- Data -
*** Begin section ***
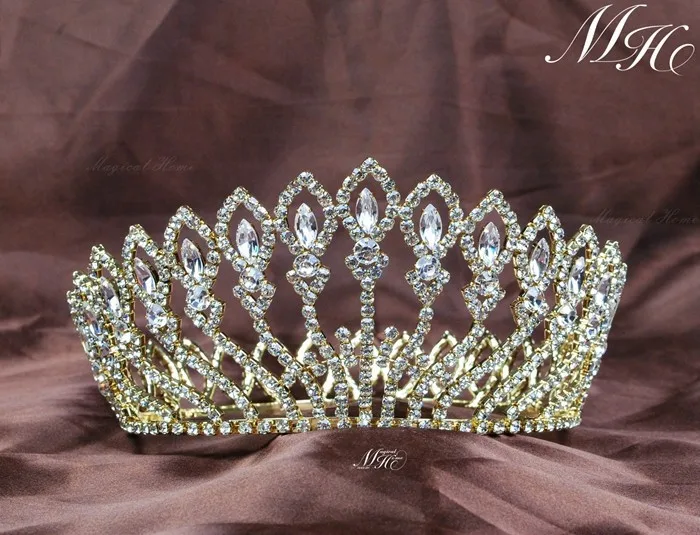 Gold Plated Flowers Full Bridal Wedding Crown Clear Rhinestone Crystal Large Tiara Pageant Hair Jewelry Accessories
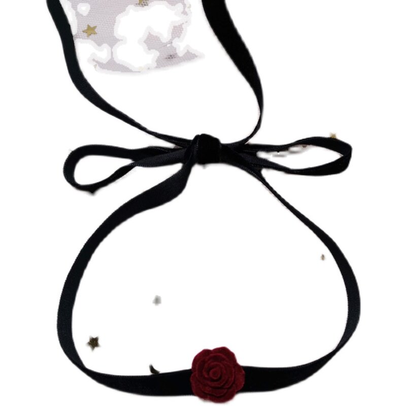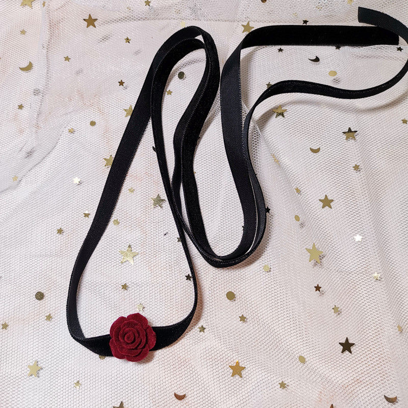原创 复古红色山茶花颈带项圈短款锁骨链ins风性感绑带美背百搭
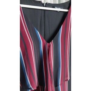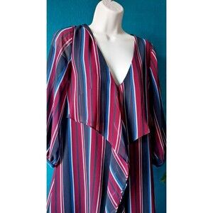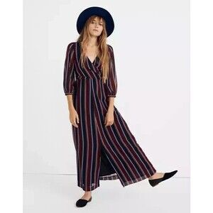 Madewell Maxi Dress Womens 8 Wraparound Black Red Blue Stripe V Neck 3/4 Sleeve
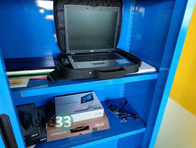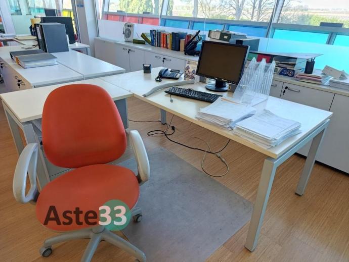 Scrivania ad elle, n. 2 mobili in metallo, mobile basso e computer
*** End section ***
- What needs to be done -
Give all the lines above again, character for character, without pictures.

- Your solution -
 Gold Plated Flowers Full Bridal Wedding Crown Clear Rhinestone Crystal Large Tiara Pageant Hair Jewelry Accessories
原创 复古红色山茶花颈带项圈短款锁骨链ins风性感绑带美背百搭
 Madewell Maxi Dress Womens 8 Wraparound Black Red Blue Stripe V Neck 3/4 Sleeve
 Scrivania ad elle, n. 2 mobili in metallo, mobile basso e computer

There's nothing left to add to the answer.